Despite rapidly increasing budgets, more than a third of hospitals and a quarter of all NHS trusts failed to break even last year. The Healthcare Commission, publishing its annual star ratings, said that the overall deficit was œ500 million, a small fraction of the NHS budget of 69.7 billion pounds.

But, with the NHS facing a tougher future, with no big increases in funding after 2008 and a new and riskier financial regime, the failure hints at future problems and should be taken seriously, Anna Walker, the chief executive of the commission, said. "Financial management is really important. Patient care will suffer if it is not put right," she added. "Quality of care is inextricably linked to good financial management. Temporary instability must not lead to a permanent problem. If it does, patients will lose out because the standards of care will suffer."

The 2004-05 star ratings - the last that will appear in this form - also show that tighter targets in accident and emergency departments have caught hospitals out. For the first nine months of the year, all trusts met the target that 90 per cent of patients should wait less than four hours. But, when the bar was raised to 98 per cent for the last three months of the year, 62 out of 159 trusts with A&E departments failed to meet the higher standard.

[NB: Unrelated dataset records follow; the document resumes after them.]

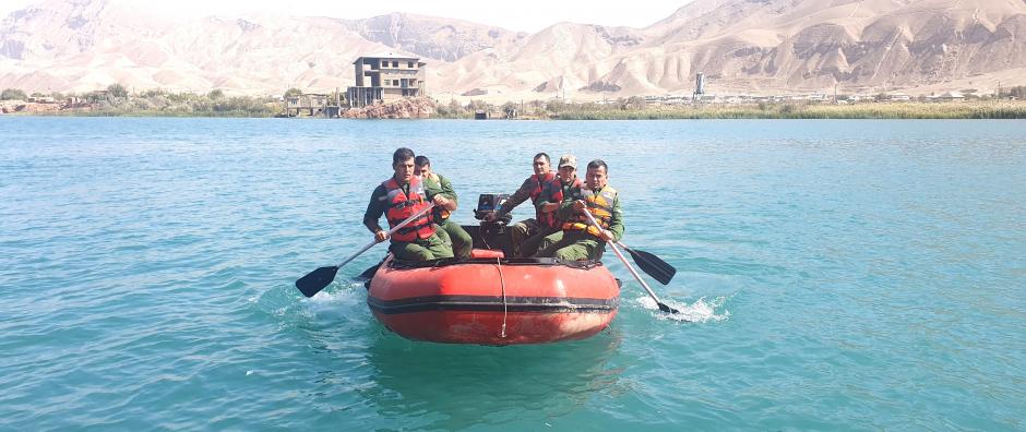 Tajik rescuers from the Committee of Emergency Situations and Civil Defence at a two-week training course on “Surface Water Rescue Operation” in Levakand, Khatlon region, 9 October 2023.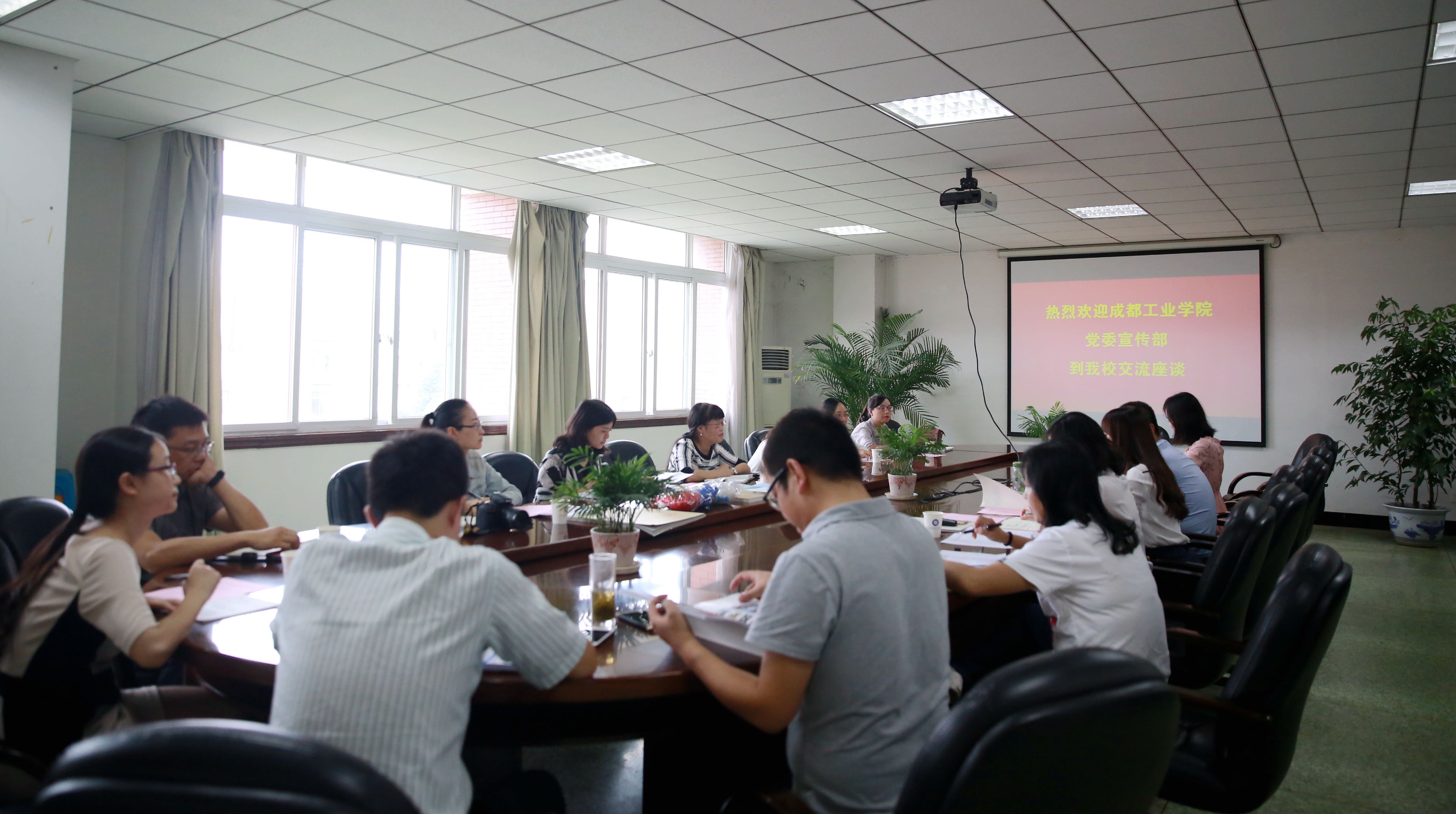 【本网讯】9月26日,成都工业学院党委宣传部部长冯瑛、副部长鲜国颖一行8人到九州(中国)党委宣传部考察交流学校宣传思想工作。学校党委宣传部部长饶华,副部长丁恒康、徐紫电及相关工作人员参加了交流座谈会。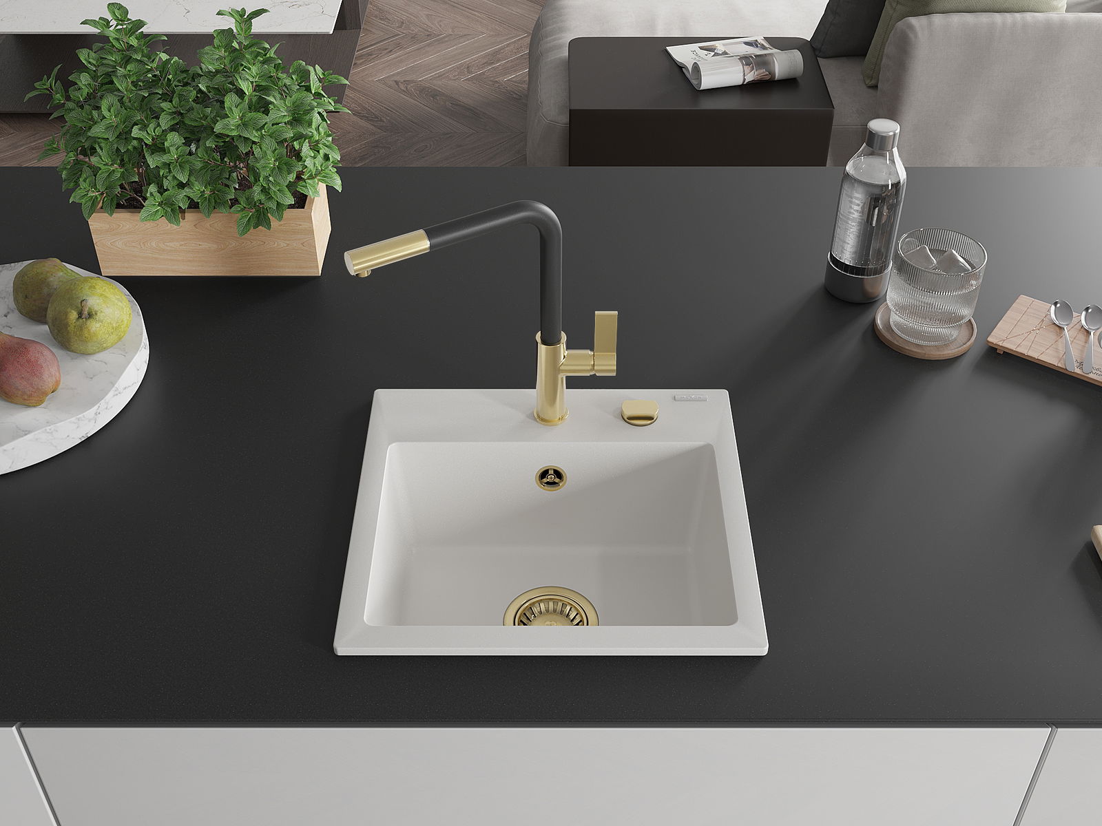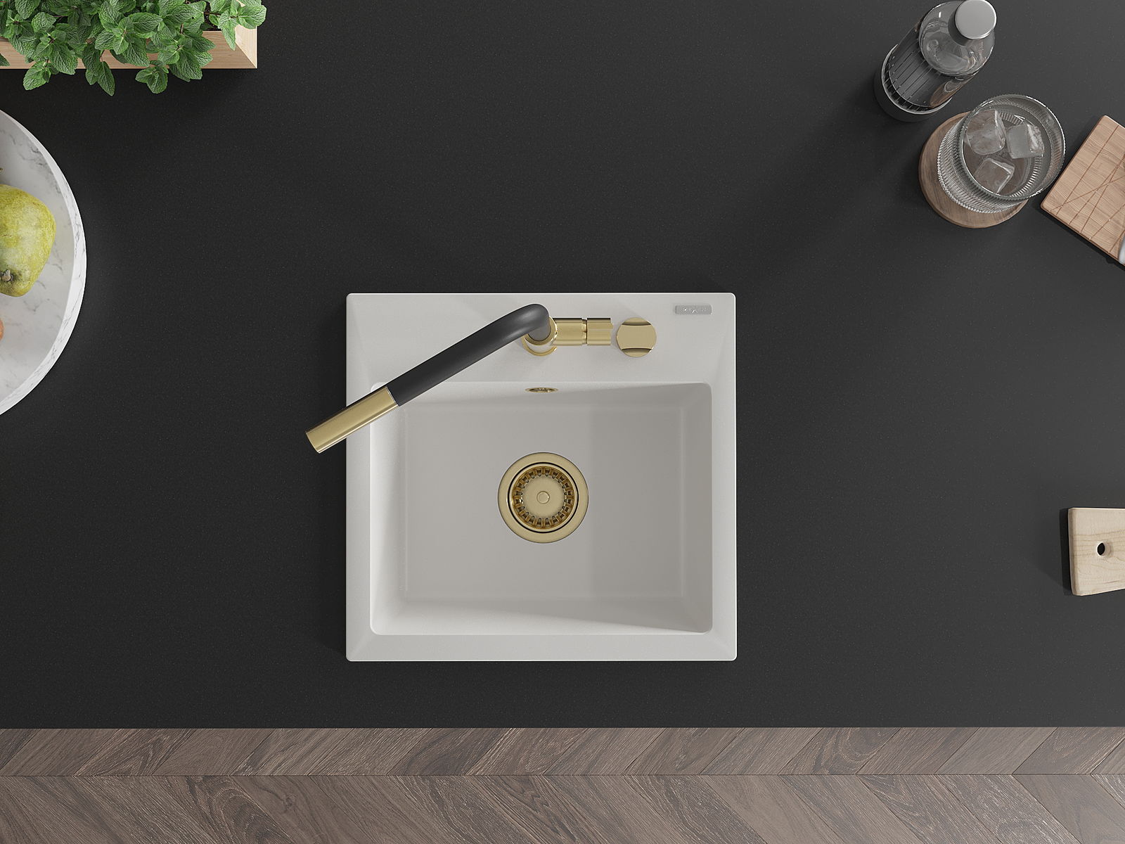 Mexen Milo zlewozmywak granitowy 1-komorowy z baterią kuchenną Flora, biały - 6505-20-670401-57-G

The star ratings will be replaced by a new system that, to the casual eye, may not look very different. The "annual health check" promised by the commission will provide, it says, a more comprehensive picture of performance, but it will end, just like the star ratings, with a four-point scale, ranging from excellent to weak. For excellent, read three stars; for weak, no stars.

The star ratings' final hurrah paints a picture of gradual improvement across the NHS, despite the financial problems. Sir Ian Kennedy, the chairman of the commission, said: "There is no doubt that star ratings have been an important step on the road to effective measurement of the performance of the NHS. "They have played a part in the improvement of care, not least in a significant reductions in waiting times. But the system has not provided a comprehensive picture. We need a richer picture, reflecting the needs of patients."

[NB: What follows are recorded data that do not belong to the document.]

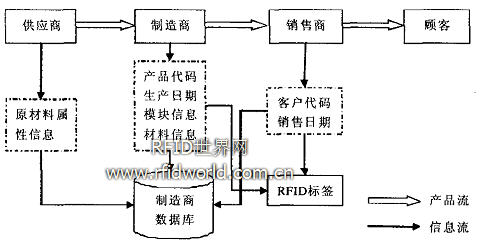 (1)RFID是通過標簽對產(chǎn)品信息采集和跟蹤的,當制造商完成產(chǎn)品的生產(chǎn)過程后,把與之配套的載有產(chǎn)品基本物理信息(包括產(chǎn)品代碼、生產(chǎn)f3期、模塊信息和材料信息)的標簽置入相應(yīng)產(chǎn)品上,這是RFID的準備階段,同時插入標簽的產(chǎn)品相關(guān)信息將會被發(fā)送至制造商數(shù)據(jù)庫收集起來。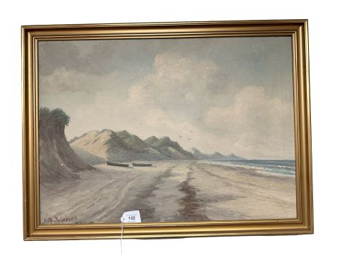 V Johansen : View across a beach, oil on canvas, 45 cm x 62 cm
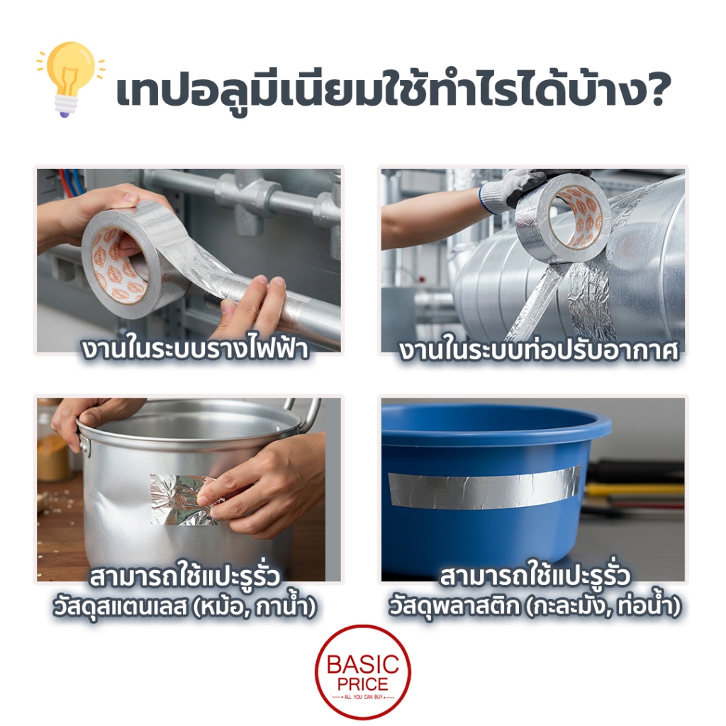 (ม้วนเดี่ยว) เทปอลูมิเนียม (ขนาด 5 หลา) แผ่นปะหม้อ แปะหม้อ หม้อรั่ว ซ่อมหม้อ ปะหม้อ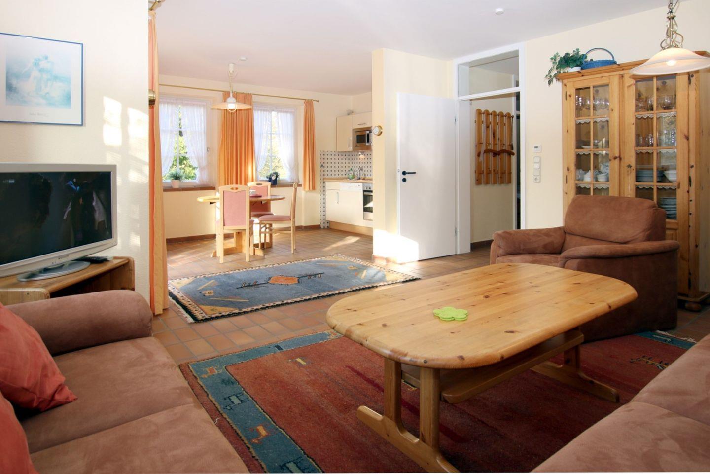 2-Zimmer-Nichtraucherwohnung im Erdgeschoß mit Südterrasse. WOHNZIMMER: Große Couch über Eck und 1 Sessel, Esstisch mit 4 Stühlen und KÜCHENZEILE mit Vollausstattung. SCHLAFZIMMER mit Doppelbett (1,60 x 2 m) und Kleiderschrank. BAD mit Dusche und WC. Fahrradständer und Parkplatz am Haus. Zum Strand sind es nur wenige Meter, zum Zentrum, Kurmittelhaus u. Wellenbad ca. 15 - 20 Minuten Fußweg. Die Wohnung ist liebevoll und gepflegt eingerichtet und verfügt über eine Fußbodenheizung (überall). Münzwaschmaschine und Trockner, Bügeleisen und -brett stehen im Keller zur Verfügung. Das Wohnzimmer ist mit Fliesen ausgelegt.

Gill Morgan, chief executive of the NHS Confederation, which represents hospital managers, relished the demise of star ratings. She said: "The scrapping of star ratings is a good day for patients who may believe that their local hospital has lost a star because its services have deteriorated over the past year. "In fact, trusts have been measured against targets that have become progressively tougher and so some NHS trusts may earn fewer stars this year despite providing a better standard of care. We believe that, in some instances, star ratings have become a perverse system that scares patients and the public unnecessarily and demoralises hard-working NHS staff. That's why we are delighted that star ratings are being abolished and replaced with a new, fairer system of assessment."

This year's figures show improvements in death rates for diseases such as heart disease and cancer and a more rapid service in hospitals, with waiting times for elective operations halved from 18 to 9 months.

While 13 more Primary Care Trusts achieved a three-star rating, only 19 per cent in all earned the top status - compared with 42 per cent of ambulance trusts. But Ms Walker said that they also had concerns about the performance of trusts in the South East, an affluent part of the country with fewer health problems than more deprived areas in the North. "There are some hospitals that are not performing so well," she said. "Whether this is really a pattern or is random we don't yet know." But Andrew Lansley, the Shadow Health Secretary, said that the star ratings did not reflect the reality of clinical standards in the NHS. "Many clinical priorities aren't recorded and some targets, like A&E and GP bookings, create more problems than they solve," he said. "However, the star ratings do reflect the reality of financial performance. NHS finances are close to meltdown. One quarter of NHS trusts failed to break even last year and more are facing deficits this year

Source






About Those Uninsured Americans...

Over the past several years there has been much discussion in both public policy circles and the media about the plight of those Americans who lack health insurance. "Over 43 million U.S. residents, nearly one in six Americans under the age of 65, lack health coverage," says the website of the nonprofit Institute of Medicine of the National Academies. This or some similar statistic is often used as evidence that there exists a large subset of the country's population that has little or no access to healthcare and that the crisis will only grow worse if some action -- typically government-funded and/or government-mandated healthcare coverage -- is not taken immediately. The facts are somewhat different.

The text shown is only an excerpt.